What is being asked:
Only the lines from the start of the entries through the line with "После матча игроки" should be returned, each exactly as it stands, and no pictures.

╔══

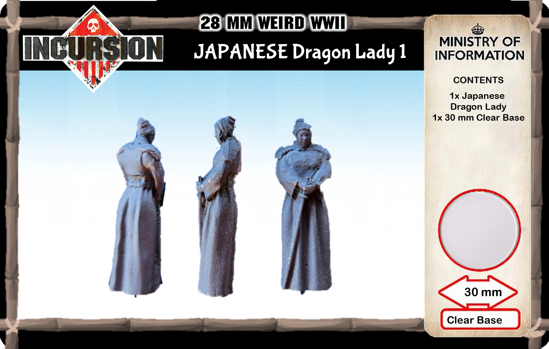 The terror unleashed by the arcane in the East, from China to now Iwo Jima, the reanimated corpses, the Oni, what is causing this. The mistresses of darkness, the dragon ladies. When the zombies have been rising and obeying, Oni have appeared, it means the Dragon Lady is near. Contains 1 unpainted model and 30 mm clear plastic base.
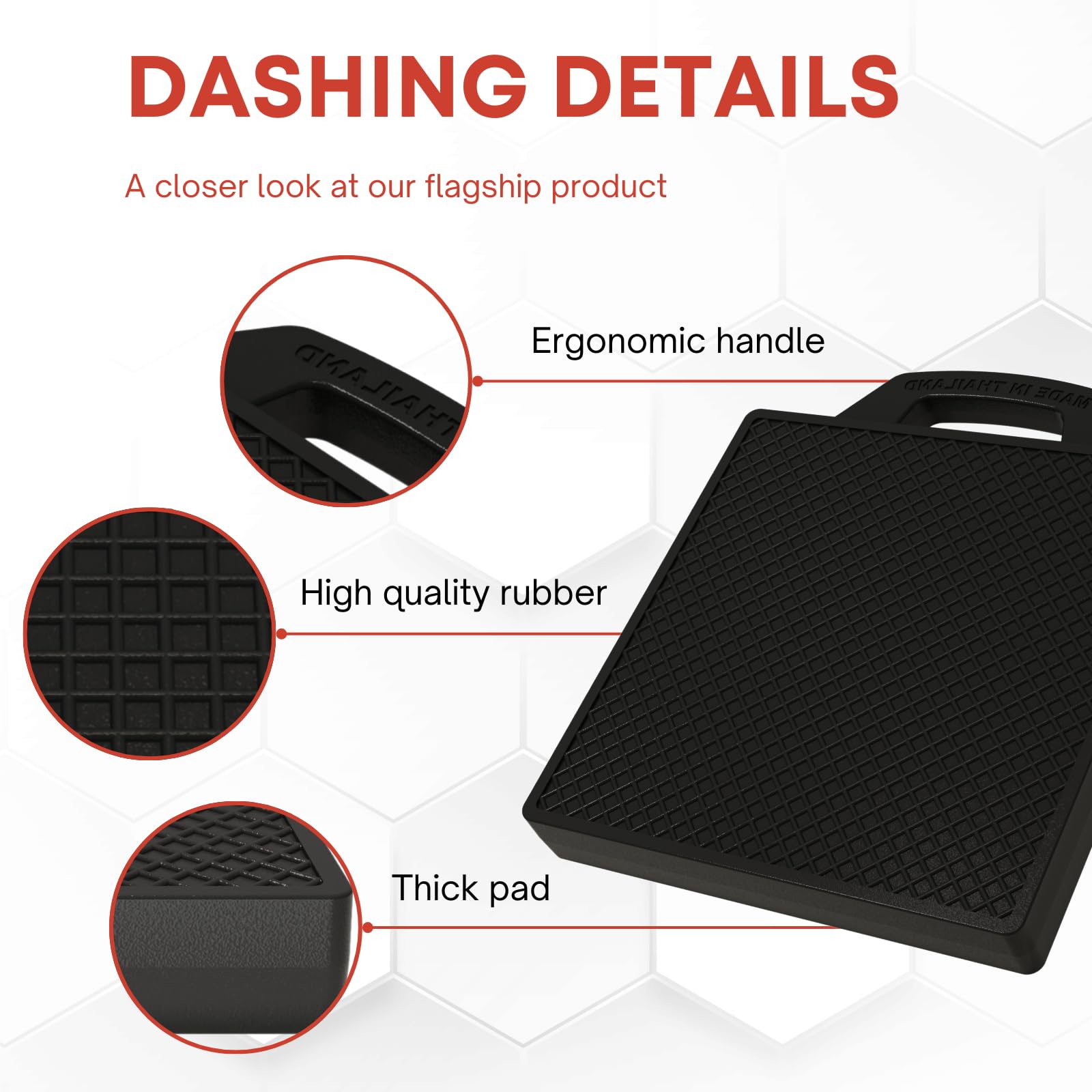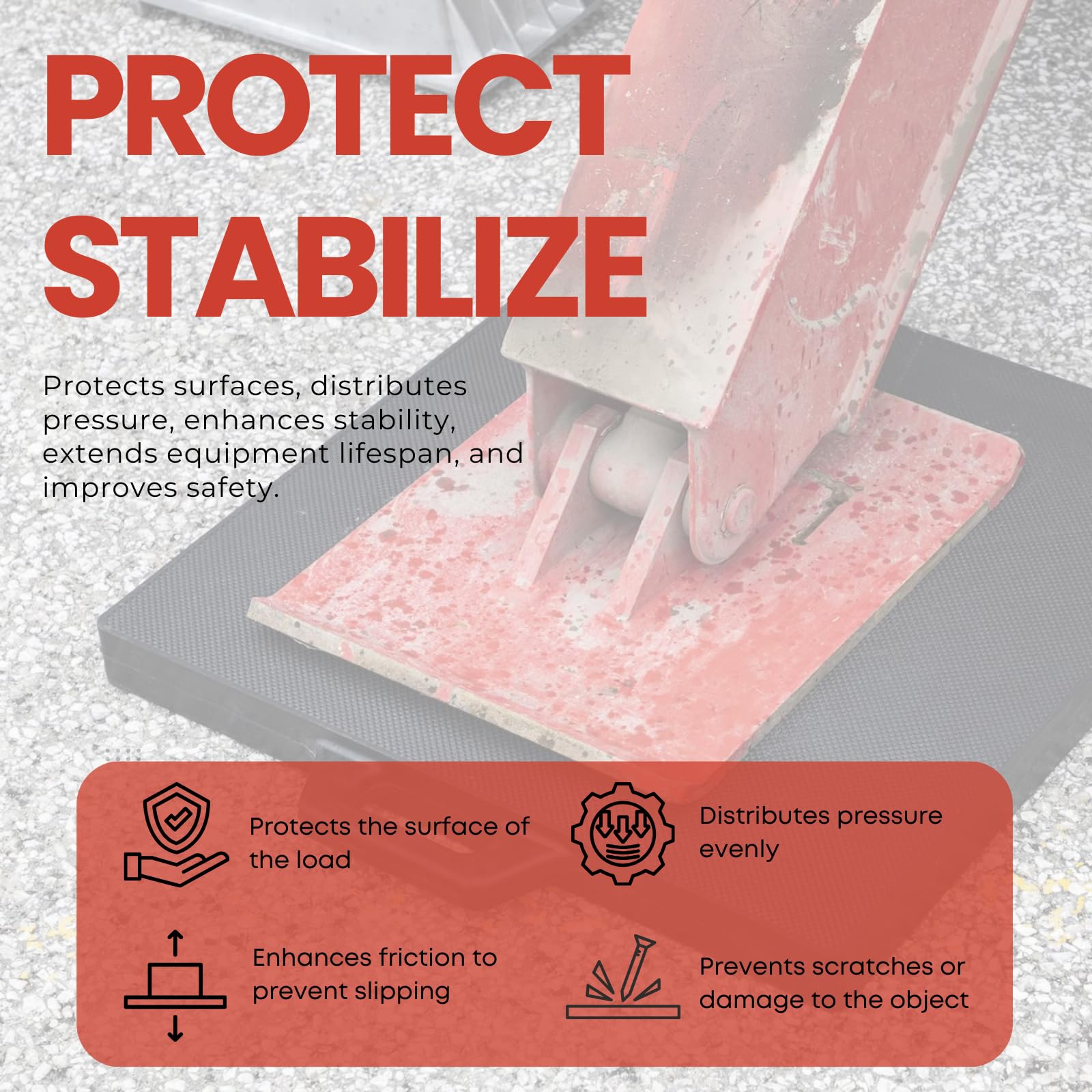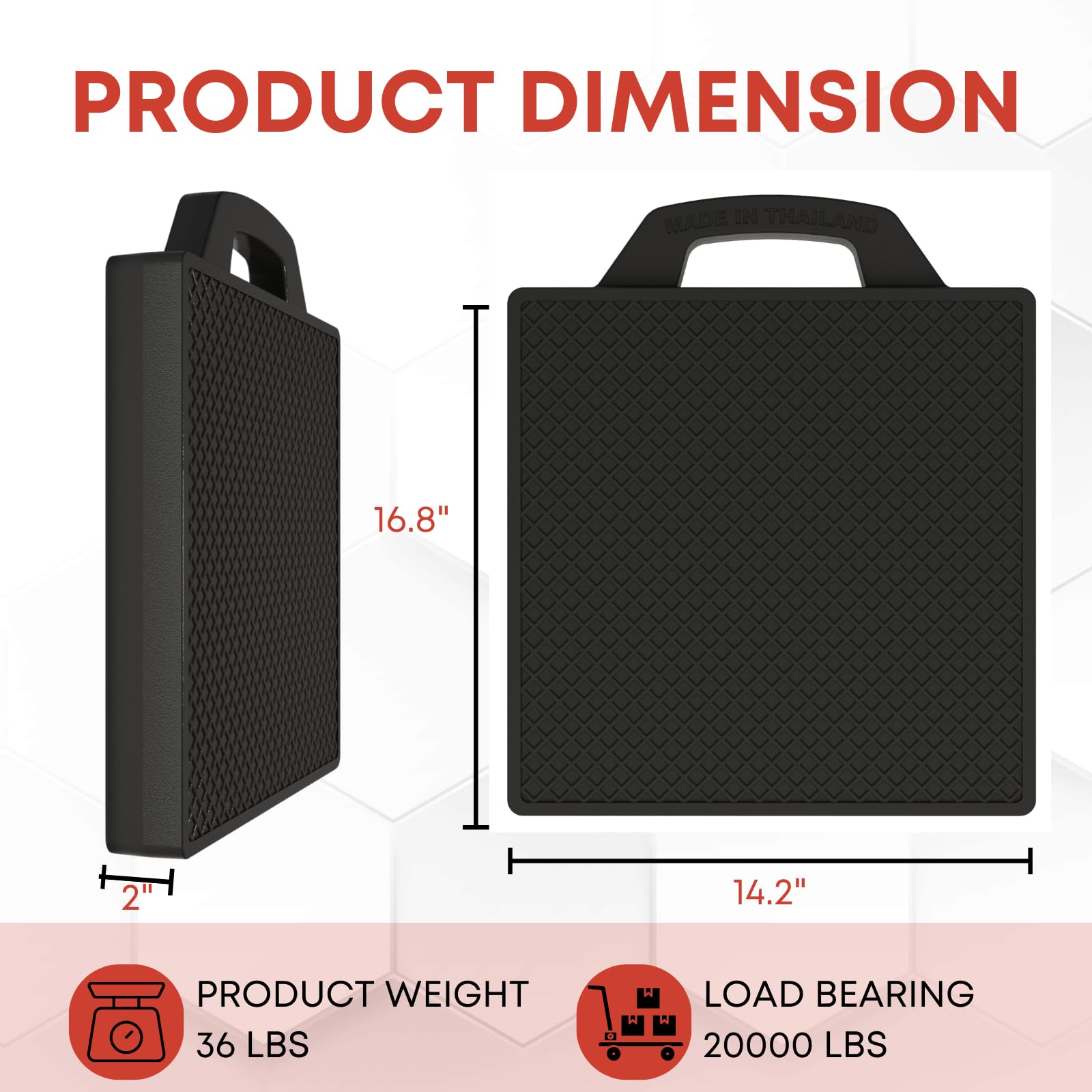 Heavy-Duty Rubber Construction: Made of durable rubber, these jack pads resist UV, heat, water, and oil, providing long-lasting performance. With dimensions of 14.2"x16.8"x2" and weighing 36 lbs, they are ideal for stabilizing jacks, leveling blocks, and outriggers in any terrain
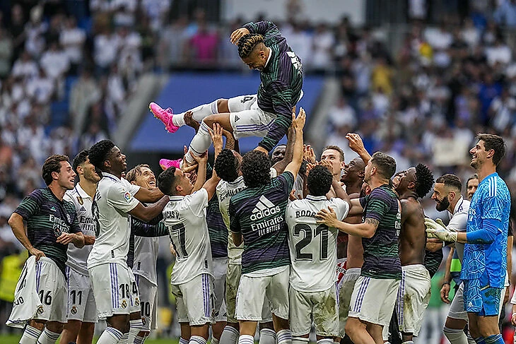 После матча игроки «Реала» попрощались с покидающими клуб партнерами по команде, качая каждого из них на руках.
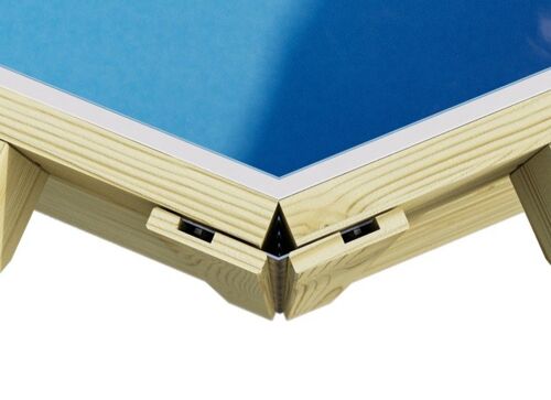 Hierbei handelt es sich um ein Konstruktionskonzept bei dem die Ecken des Pools mithilfe der Chromeline besonders geschützt werden. Dank der Chromeline-Eckverbindungen bekommt der Pool nicht nur eine moderne Optik, sondern gewinnt auch an Stabilität. Die Chromeline und die kesseldruckimprägnierten Holzblenden aus nordischer Fichte werden mit verzinkten Sechskant-Holzschrauben befestigt. Selbstverständlich verfügt auch dieser Pool über eine Einhängebiese.
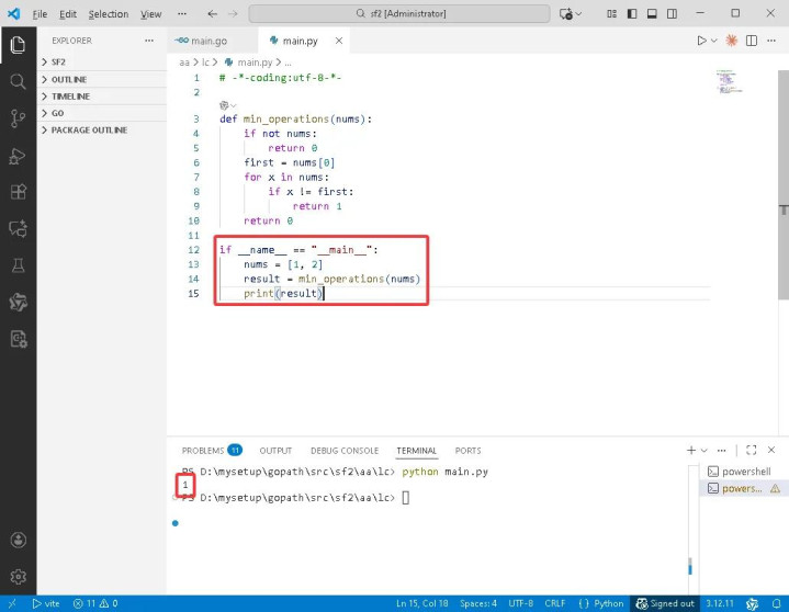if (nums.empty) return0; // 若为空数组,视为已相等
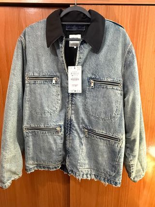 Cazadora vaquera de Zara con un diseño moderno y detalles únicos. - Color azul desgastado. - Cuello negro. - Múltiples bolsillos con cremallera. - Bajo deshilachado.
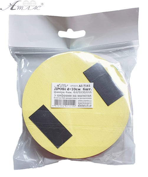 Этот набор дробей содержит фигуры от 1 до 6 частей, диаметром 10 см, изготовленные из окрашенной фанеры с нанесенными на дроби цифрами и приклеенніми магнитами для магнитной доски. Размеры упаковки 10 х 10 х 2,5 см. Наборы учебных дробей состоят из геометрических фигур, разделяющие круг на указанные части. Такие наборы способствуют усвоению материала в наглядной форме, широко применяются в Новой Украинской Школе. Фактический оттенок изделия может отличаться от изображенного на фото.
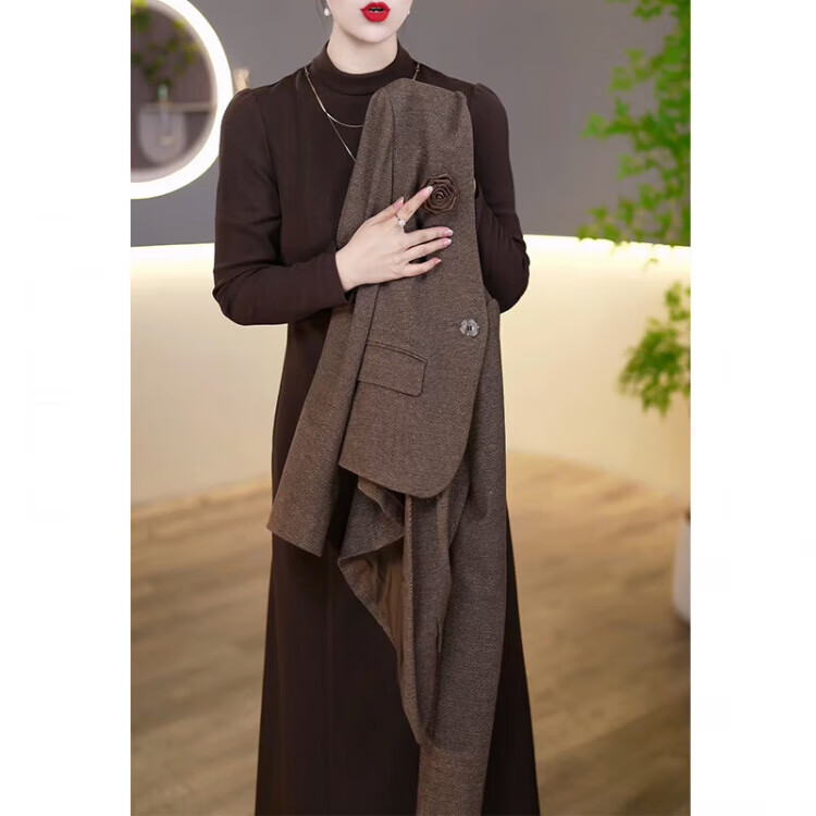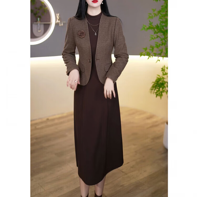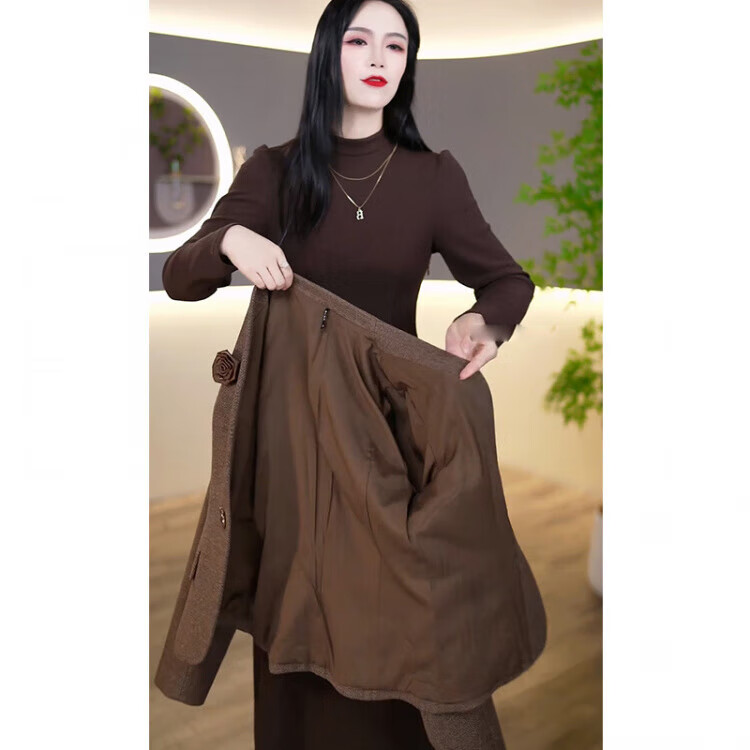Pierre Cardin elegant thickened two-piece dress for women 2025 autumn and winter new lady mother dress suit skirt coffee color two-piece suit L recommended 101-110 Jin Jin equals 0.5 kg

╚══

Response for this exercise:
 The terror unleashed by the arcane in the East, from China to now Iwo Jima, the reanimated corpses, the Oni, what is causing this. The mistresses of darkness, the dragon ladies. When the zombies have been rising and obeying, Oni have appeared, it means the Dragon Lady is near. Contains 1 unpainted model and 30 mm clear plastic base.
 Heavy-Duty Rubber Construction: Made of durable rubber, these jack pads resist UV, heat, water, and oil, providing long-lasting performance. With dimensions of 14.2"x16.8"x2" and weighing 36 lbs, they are ideal for stabilizing jacks, leveling blocks, and outriggers in any terrain
 После матча игроки «Реала» попрощались с покидающими клуб партнерами по команде, качая каждого из них на руках.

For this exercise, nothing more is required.